« Vive Karamazov ! » Ce sont les derniers mots de ce livre grandiose et j'ajouterais « Vive
Dostoïevski » tant j'aimerais témoigner du génie de l'auteur russe et de la grandeur de son roman. Sachez que vous devrez vous réserver un mois de lecture pour le parcourir et qu'il n'est pas d'une lecture facile, car derrière le mystère d'un parricide se cache une oeuvre philosophique touffue. Mais cela en vaut la peine. L'intrigue tourne autour du meurtre d'un des personnages de fiction les plus ignobles jamais imaginés, Fiodor Pavlovitch, le père des frères Karamazov. Mais le meurtre n'est finalement qu'un détail dans l'architecture incroyable de l'oeuvre, car le roman n'est pas tant une histoire qu'une longue dissertation sur la nature humaine, qu'une exposition détaillée de la psychologie des personnages et qu'une série de digressions sur des sujets fondamentaux comme le libre arbitre, l'existence de Dieu, la responsabilité morale ou la vérité. C'est un roman plein d'esprit qui aborde des sujets intellectuels profonds et le génie de
Dostoïevski est indiscutable. "Le Grand Inquisiteur" est par exemple un chapitre extrêmement étrange et singulier, le récit du procès un moment d'opposition dialectique inégalé. Et la famille Karamazov, quelle famille ! Chacun de ces membres incarne des qualités ou des positions contradictoires : Fiodor, le père, est un homme riche, malhonnête et dépravé ; Mitia, l'ainé, hérite des passions de son père, l'impulsivité, l'orgueil, l'exaltation, mais il s'apaise parfois lors de touchants moments de tempérance ; Yvan, le cadet, est matérialiste, inflexible et cynique, c'est un intellectuel distingué dont la pensée évolue vers une intense curiosité spirituelle ; Aliocha, enfin, le benjamin, est idéaliste, aimant et aimable, sincère, dévot et naïf. Et puis il y a le fils illégitime, Smerdiakov, le serviteur du père, personnage difficile à cerner, épileptique, influençable et manquant d'éducation. Je terminerai avec les femmes qui les rendent fous et qui ne sont pas que des faire-valoir dans le roman. Grouchenka est une jeune beauté russe épanouie, autrefois humiliée. Elle est fière et arrogante et n'est pas perturbée par ses relations simultanées avec plusieurs hommes. Également fière, Katérina est issue de la noblesse, elle est généreuse et possède de la grandeur d'âme. Bref, on retrouve dans cette histoire une sorte de condensé de la société russe de l'époque. de grands thèmes sont abordés dans l'ouvrage que je ne vais pas détailler, mais seulement citer : la paternité, l'existence de Dieu, la religion et sa nécessité, la foi et ses bases, le libre arbitre, la vérité, le crime et l'efficacité de la punition, l'espoir et le cynisme, le nihilisme et l'absurdité de la vie, le destin des personnages dans un roman, l'architecture d'un récit, l'opposition dialectique de points de vue contradictoires. Je m'attarderai sur le thème de la paternité qui envahit le récit.

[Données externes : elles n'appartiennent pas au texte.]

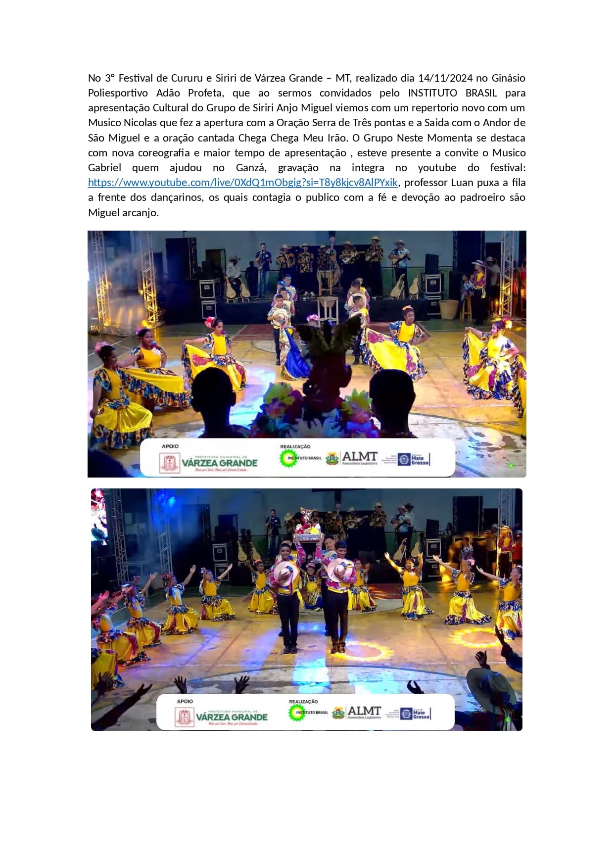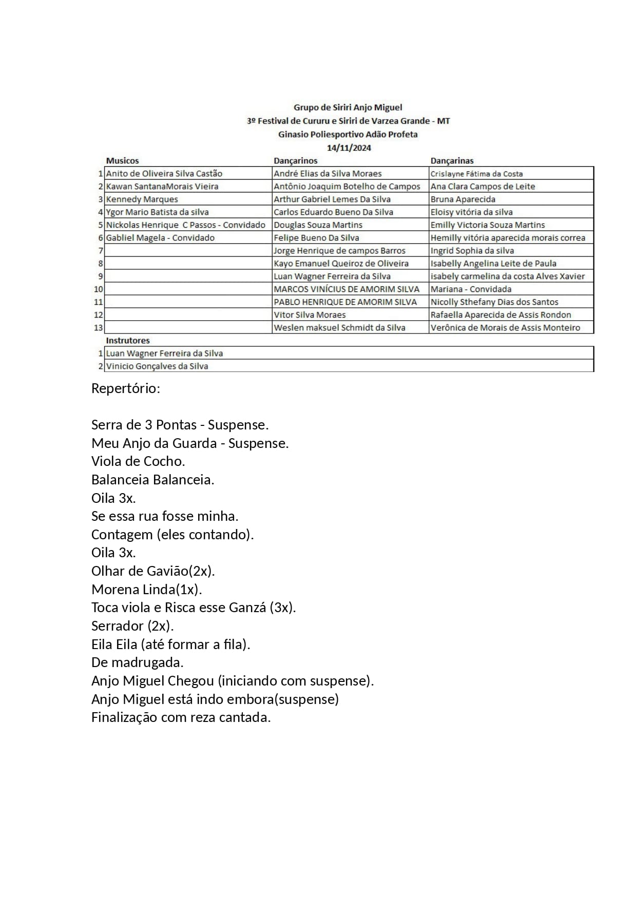 No 3º Festival de Cururu e Siriri de Várzea Grande – MT – 14/11/2024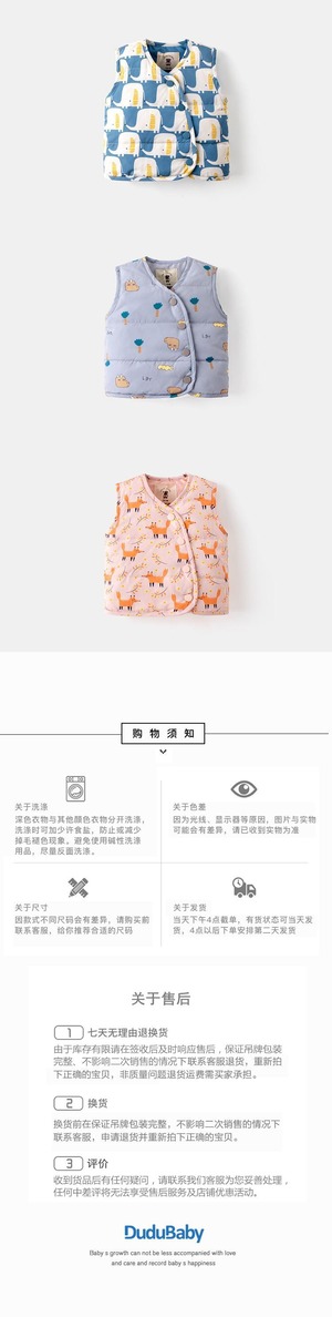 冬服ベビーダウンフルプリントベスト新生児冬漫画子供服男の子赤ちゃん暖かいチョッキ潮 Duduベイビー10981469853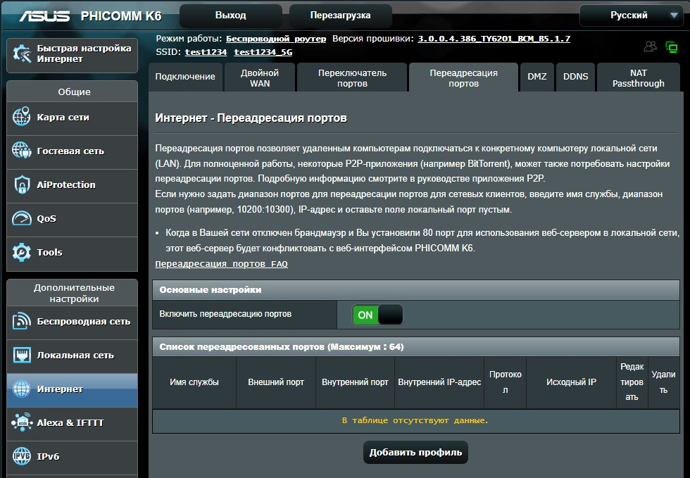 включаем переключатель "Включить переадресацию портов"

Dostoïevski l'aborde en permanence que ce soit pour poser la question du meurtre du père (Dieu ou Fiodor), mais aussi pour tenter d'exorciser la mort de son propre fils Alexeï peu de temps avant. L'irruption dans le récit de nombreux enfants est l'occasion de bouleversantes évocations, d'émotions simples, de moments de tendresse qui embellissent le roman d'une innocente douceur. Ilioucha, par exemple, enfant malade et mourant, apparait dans le roman à la fois pour expliquer que des actions apparemment insignifiantes peuvent avoir de lourdes conséquences, mais aussi pour illustrer le drame paternel qu'est la perte d'un enfant.
Dostoïevski dissèque les coeurs, ausculte les âmes, espionne les êtres, leurs certitudes, leurs illusions avec pudeur et mordant. "
Les frères Karamazov" est un récit fascinant qui transporte, enchante, fait réfléchir, sourire ou pleurer et auquel il faut dédier un jour ou l'autre un peu de son temps.